Though Jurassic Park author Michael Crichton was inspired by the extinct animal—and its deadly, agile hunting style—he took some creative liberties in his 1990 book, which Steven Spielberg made into a hit movie in 1993.
Crichton decided to call his fictional version of Deinonychus “velociraptor” because that name was more dramatic, per a 1997 New York Times interview with Ostrom. “Velociraptor” is actually the name of a different dinosaur altogether, one that lived during the Late Cretaceous period in what is now Mongolia. Despite the misnomer, Crichton’s popular books—and the subsequent movies—have made the misnamed dinosaur one of the most well-known behind Tyrannosaurus rex.
Auctioning off dinosaur skeletons is controversial, with paleontologists split about the possible benefits and drawbacks. Some dislike the practice because it makes it possible for wealthy private collectors to buy dinosaur skeletons and hide them away from the public. On the other hand, proponents say, the high price tags that the specimens command might encourage more people to go into the field of paleontology or open up their private land to researchers, despite the risk of spurring more illegal digging.

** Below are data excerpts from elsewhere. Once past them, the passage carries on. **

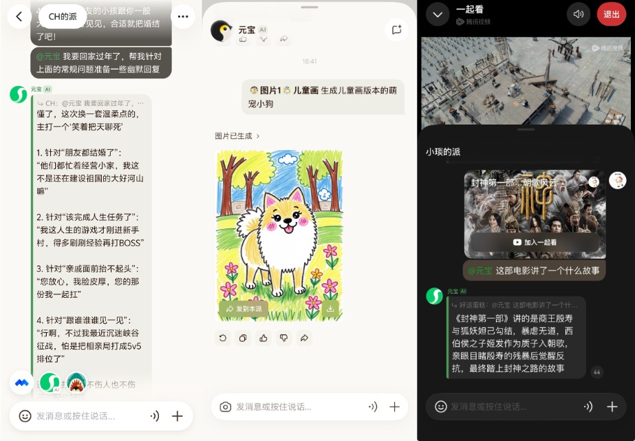 与主流的单一交互的Chatbot(对话机器东说念主)不同,腾讯对“元宝派”的定位更像一个多东说念主酬酢空间。在这个空间中,用户不错让AI参与聊天、调遣氛围、践诺任务等。此外,元宝还不错充住持庭空间的智能助手,用户在“元宝派”中成就定时教唆任务,发起举例看书、通顺等打卡行径;元宝派还接入了腾讯会议的音视频底层才略,让用户和好友沿途听歌、不雅影等。
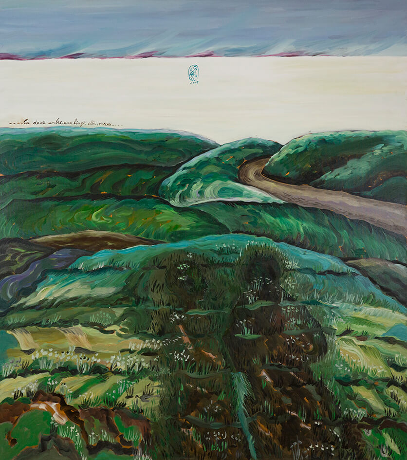 “All the world’s a stage, and all the men and women merely players, Ana Ruxandra Ilfoveanu tells us through the artworks exhibited in February-March 2017 at Senso Gallery. We can associate the Shakespearian quote, as incorporated into the work, to the open curtains – the genuine lateral backstage – that direct the view to the action in progress and allow the spectator to be co-opted, sometimes ensuring his or her complicity; the scene is never empty, but populated with harlequins, musicians, angels, other relaxed or preoccupied incarnations, shadows. (…)”.
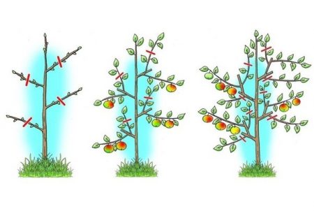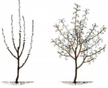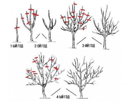 ไม่กี่ปีแรกหลังจากปลูกต้นกล้ามันจะต้องเชื่อมโยงกับการสนับสนุน สิ่งนี้จะทำให้เขาไม่แตกและไม่ตาย ในตอนต้นของฤดูใบไม้ผลิเต็มครั้งแรกหลังจากปลูกต้นไม้หน่อจะต้องสั้นลงสองตา (ไม่มาก) ในกรณีนี้คุณสามารถเติบโตได้มากขึ้น หลังจากนั้นอีกหนึ่งปีไม่ควรปล่อยกิ่งแนวนอนทั้งหมด แต่กิ่งที่เติบโตในแนวตั้งควรถูกทำให้สั้นลงอีกสองตา ในสาขาแนวนอนที่มีอยู่ในปีนี้เราควรคาดหวังว่าจะมีการเพาะปลูกและสาขาที่ตัดในแนวตั้งจะสามารถสร้างยอดที่แข็งแรงใหม่ได้ ฤดูใบไม้ผลิที่ตามมาทุกสาขาที่ผลไม้ควรถูกตัดเป็นแหวน

When “Stan” the T. rex sold for a whopping $31.8 million at Christie’s in October 2020—smashing the pre-auction estimate of $8 million—paleontologists were outraged.

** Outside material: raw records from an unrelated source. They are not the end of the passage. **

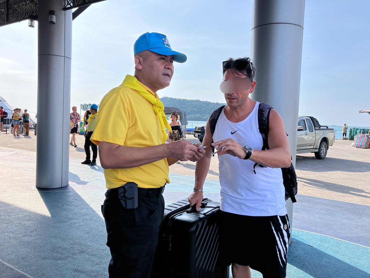 วันที่ 31 ธ.ค. 67 เวลา 17.30 น. ร.ต.อ.สิทธิชัย ขำสุข, ร.ต.อ.สิริวัฒน์ สมหวัง รอง สว.ตม.จว.สุราษฎร์ธา
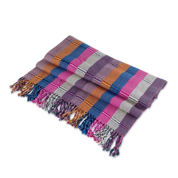 This is a beautifully made shawl. As a floor-loom weaver, I appreciate hand-made textiles, and this piece was clearly woven by an accomplished fiber artist. The weave is firm enough to make a sturdy fabric, but it also has a lovely drape. The colors are gorgeous. And, even though it's cotton, it's heavy enough to keep me warm here in Northern Minnesota in winter. This is a piece that I will have for a very long time and which will age well. Thank you Elena Ixtamer!
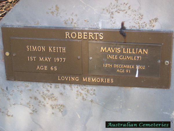 | Roberts | Mavis Lillian | photo | 13.12.2002 | 91 | nee Gumley | |||
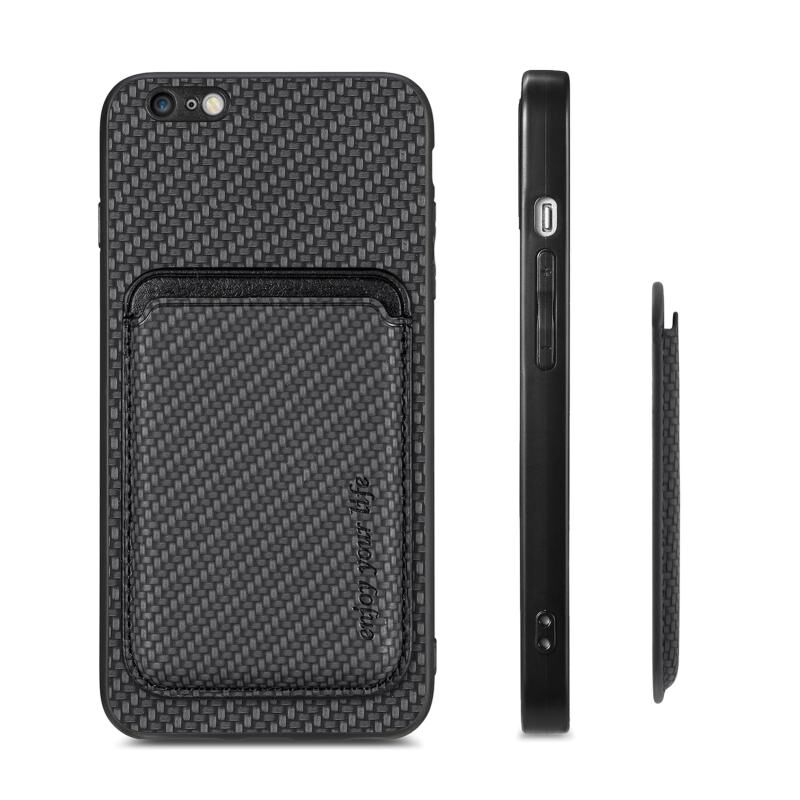 Θήκη τηλεφώνου MagSafe μαγνητική από ανθρακονήματα και δέρμα για iPhone 6 Plus / 6S Plus (Μαύρο)

“This is terrible for science and is a great boost and incentive for commercial outfits to exploit the dinosaur fossils of the American West,” Thomas Carr, a paleontologist at Carthage College, told National Geographic’s Michael Greshko after the auction.
Stan’s buyer remained anonymous until earlier this year, when news broke that Stan will be part of a new natural history museum in the United Arab Emirates. Still, he likely won’t be the last auctioned dinosaur to cause consternation within the scientific community. As for Hector, it remains to be seen how much his fearsome Hollywood reputation precedes him—and how much it will drive up his selling price.
“The fact that dinosaurs are more than just objects of scientific curiosity helps drive these high-profile sales,” Riley Black wrote for Smithsonian magazine soon after the Stan sale in October 2020. “For some, a dinosaur is a statement of wealth, power, and influence.”